◆ Work instructions: A verbatim copy is needed of the lines below from the one containing "Men's Leather Slip-On" up to and including the one containing "ประตูไม้กระจกนิรภัย กระจกเพ้นท์ลาย รุ่น", excluding pictures.

(Data provided begins)

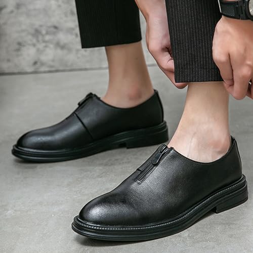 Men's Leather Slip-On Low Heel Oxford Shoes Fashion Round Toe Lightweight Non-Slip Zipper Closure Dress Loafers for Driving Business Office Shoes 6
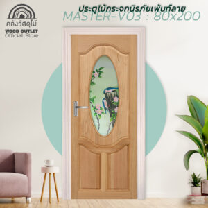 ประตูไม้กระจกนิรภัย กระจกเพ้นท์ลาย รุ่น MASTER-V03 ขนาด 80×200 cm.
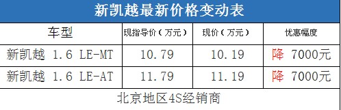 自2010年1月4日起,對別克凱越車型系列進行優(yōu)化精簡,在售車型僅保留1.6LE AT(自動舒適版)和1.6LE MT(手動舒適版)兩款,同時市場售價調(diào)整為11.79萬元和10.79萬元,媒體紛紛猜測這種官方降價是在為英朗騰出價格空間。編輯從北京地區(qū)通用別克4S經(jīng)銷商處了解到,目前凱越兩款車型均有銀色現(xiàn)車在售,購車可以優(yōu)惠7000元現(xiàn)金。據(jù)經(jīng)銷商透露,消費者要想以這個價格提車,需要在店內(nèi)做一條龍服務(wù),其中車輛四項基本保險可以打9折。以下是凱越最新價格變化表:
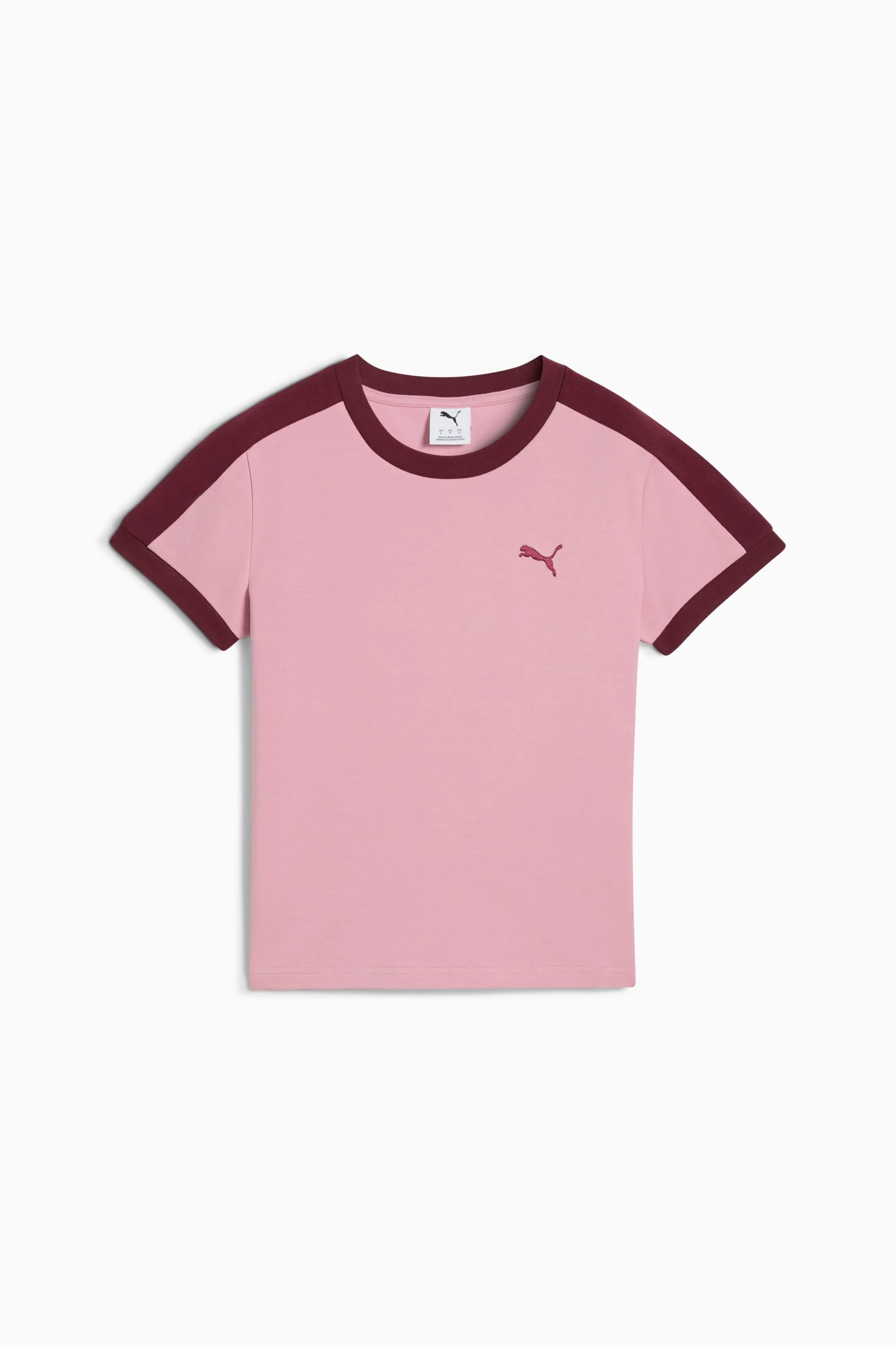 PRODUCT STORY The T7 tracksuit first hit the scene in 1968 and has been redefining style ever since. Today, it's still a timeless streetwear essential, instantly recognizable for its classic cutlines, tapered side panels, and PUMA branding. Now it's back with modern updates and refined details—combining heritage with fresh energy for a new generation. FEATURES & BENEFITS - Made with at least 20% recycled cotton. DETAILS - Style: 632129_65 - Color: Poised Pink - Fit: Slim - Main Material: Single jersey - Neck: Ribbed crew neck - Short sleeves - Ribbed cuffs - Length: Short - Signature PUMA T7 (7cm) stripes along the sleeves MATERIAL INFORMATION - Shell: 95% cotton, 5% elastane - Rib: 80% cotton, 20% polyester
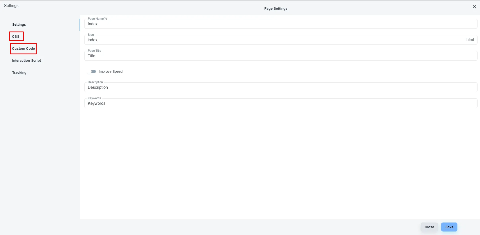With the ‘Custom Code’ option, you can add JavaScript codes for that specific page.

(Data provided ends)
(Data provided begins)

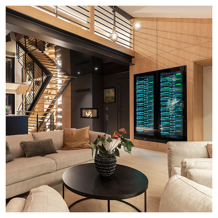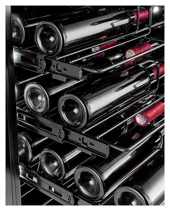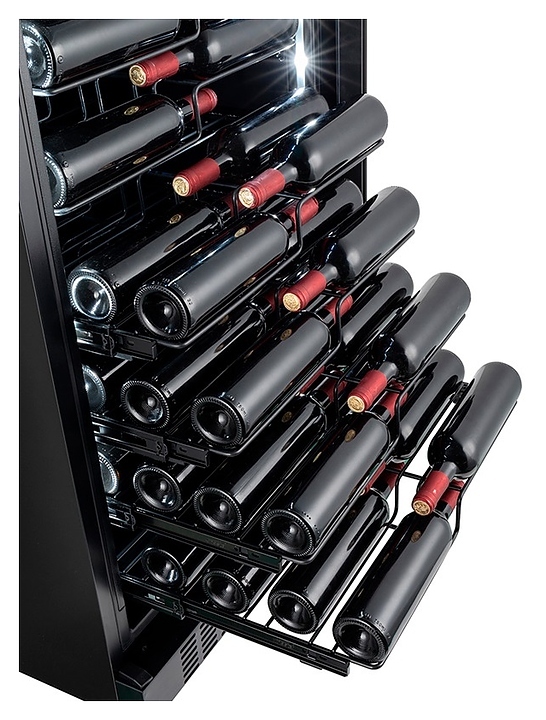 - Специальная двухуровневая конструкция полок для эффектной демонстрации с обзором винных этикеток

(Data provided ends)

◆ Solution to the exercise:
 Men's Leather Slip-On Low Heel Oxford Shoes Fashion Round Toe Lightweight Non-Slip Zipper Closure Dress Loafers for Driving Business Office Shoes 6
 ประตูไม้กระจกนิรภัย กระจกเพ้นท์ลาย รุ่น MASTER-V03 ขนาด 80×200 cm.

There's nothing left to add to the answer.